> **Exercise brief**
Would you copy exactly the lines in the data below from the one that has "reinvenção das organizações’" through the one that has "biểu. Ảnh: Q.H |", dropping any pictures?

(Data items)
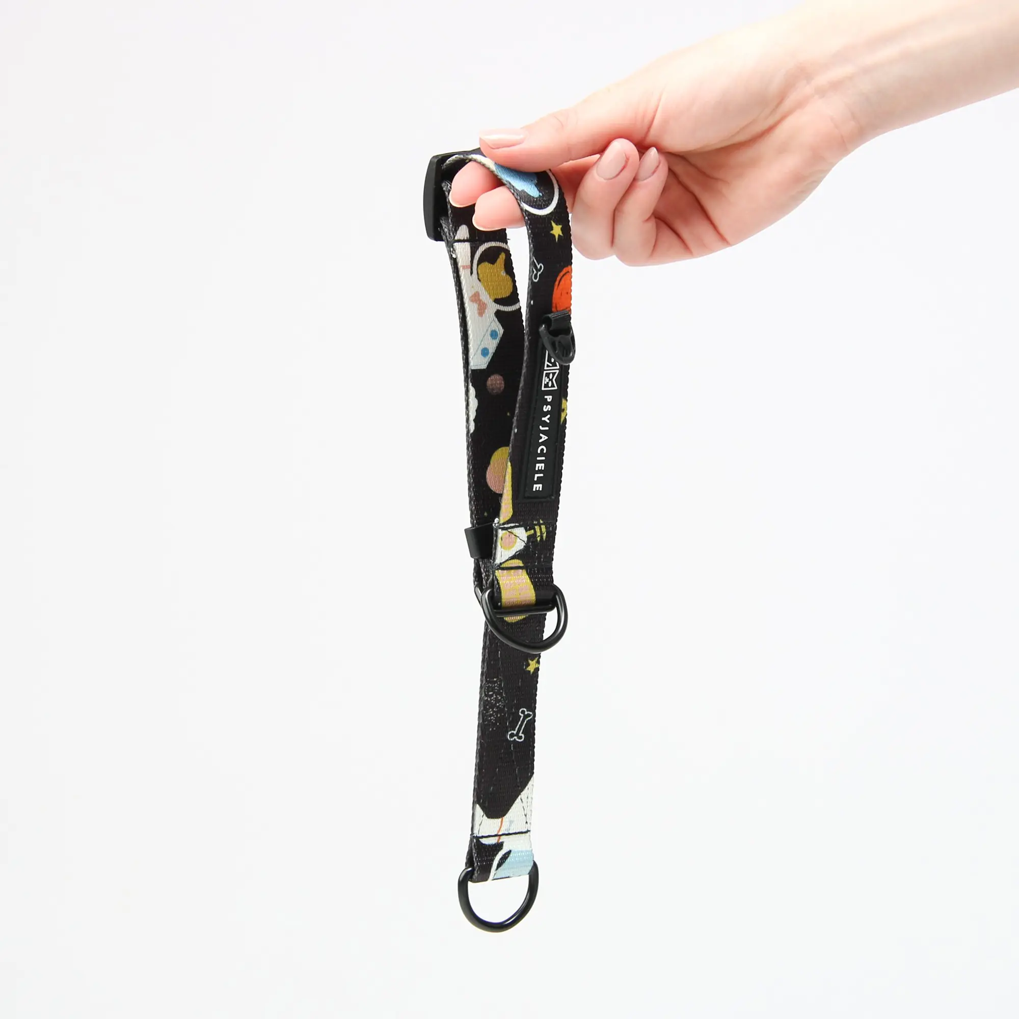 Wzór I need space to kosmiczne psiaki lewitujące w gwiezdnym niebie pełnym psich elementów. Połączenie pięknego granatu a mocnymi kolorami sprawi, że Twój psiak na spacerze będzie wyglądał lepiej niż niejedna gwiazda internetu. Wyraziste kolory przepięknie skomponują się z sierścią Twojego psiaka! Ubierz swojego psiaka w designerski wzór, a każdy spacer będzie super psyjemny. Wzór został zaprojektowany przez wspaniałą ilustratorkę Linę Lark.
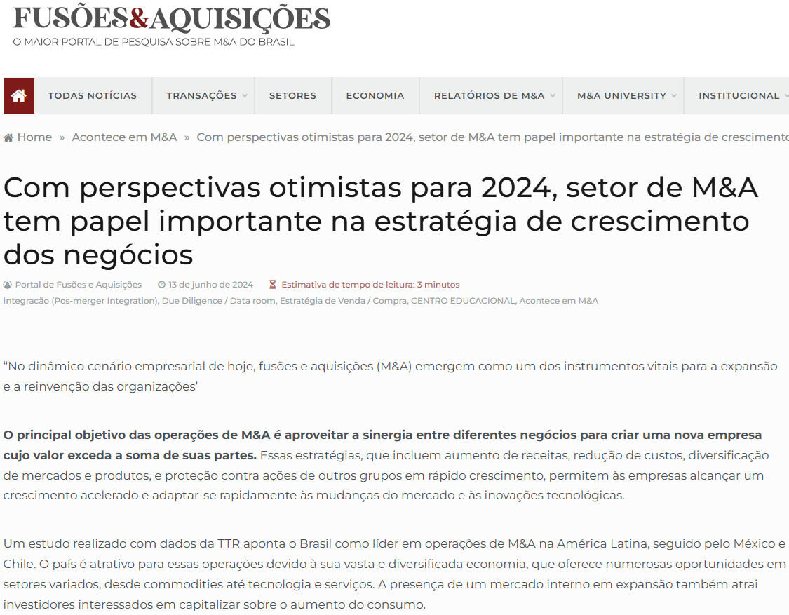 “No dinâmico cenário empresarial de hoje, fusões e aquisições (M&A) emergem como um dos instrumentos vitais para a expansão e a reinvenção das organizações’
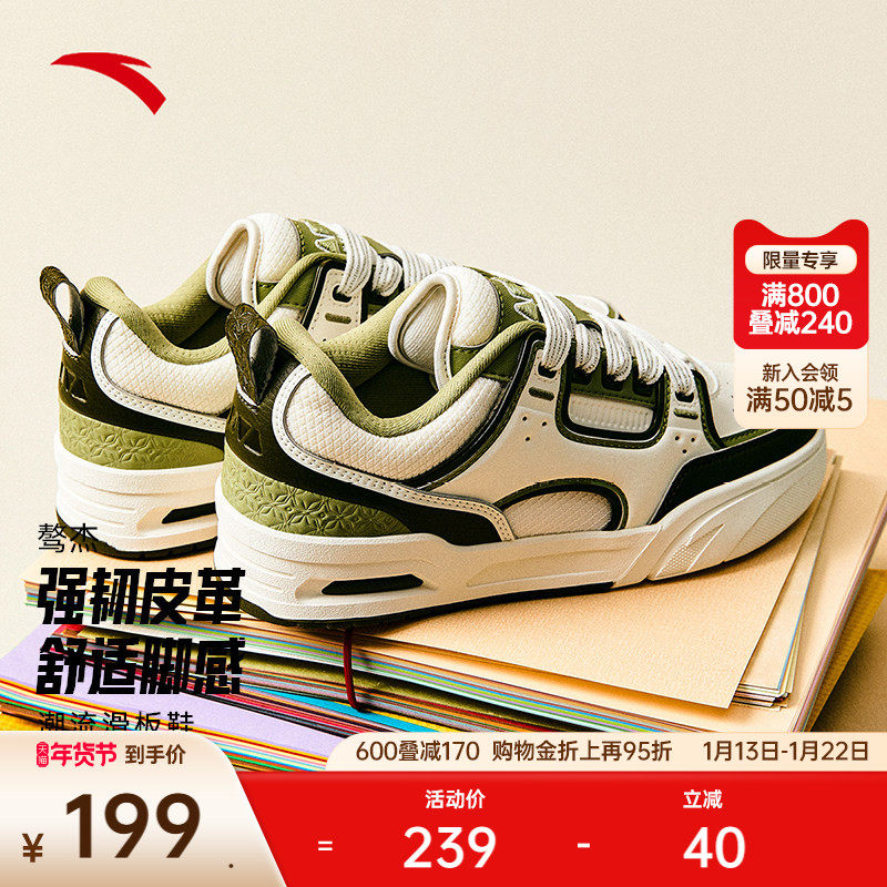 安踏骜杰丨撞色复古板鞋女鞋百搭休闲运动鞋王一博同款122518040
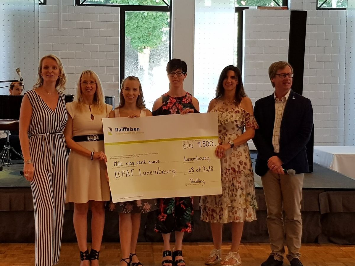 Les bénéfices de cette soirée de PREMIER BAL reviennent à l’Association « Ecpat Luxembourg – Pour un monde sans exploitation sexuelle des enfants ». La remise du chèque de la somme de 1.500€ a été célébrée ce dimanche dernier 08 juillet lors du Brunch dansant de l’Ecole de Danse.
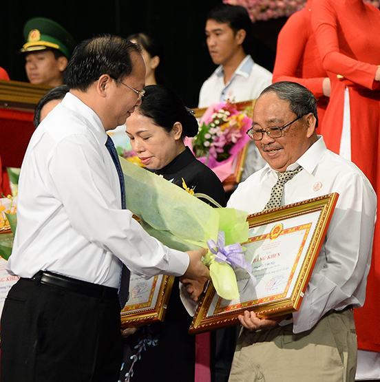 | Lãnh đạo TP trao tặng Bằng khen cho các tập thể và cá nhân tiêu biểu. Ảnh: Q.H |
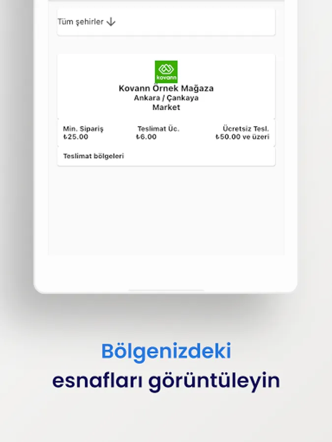 Kovann is a marketplace application that allows you to order from different tradesmen operating in different cities and to visit the shops of tradesmen. With Kovann, you can shop at tradesmen and create orders. Your orders are brought to you by the tradesmen. You can find out which regions deliveries are made on the store page.

> **Answer space**
 “No dinâmico cenário empresarial de hoje, fusões e aquisições (M&A) emergem como um dos instrumentos vitais para a expansão e a reinvenção das organizações’
 安踏骜杰丨撞色复古板鞋女鞋百搭休闲运动鞋王一博同款122518040
 Les bénéfices de cette soirée de PREMIER BAL reviennent à l’Association « Ecpat Luxembourg – Pour un monde sans exploitation sexuelle des enfants ». La remise du chèque de la somme de 1.500€ a été célébrée ce dimanche dernier 08 juillet lors du Brunch dansant de l’Ecole de Danse.
 | Lãnh đạo TP trao tặng Bằng khen cho các tập thể và cá nhân tiêu biểu. Ảnh: Q.H |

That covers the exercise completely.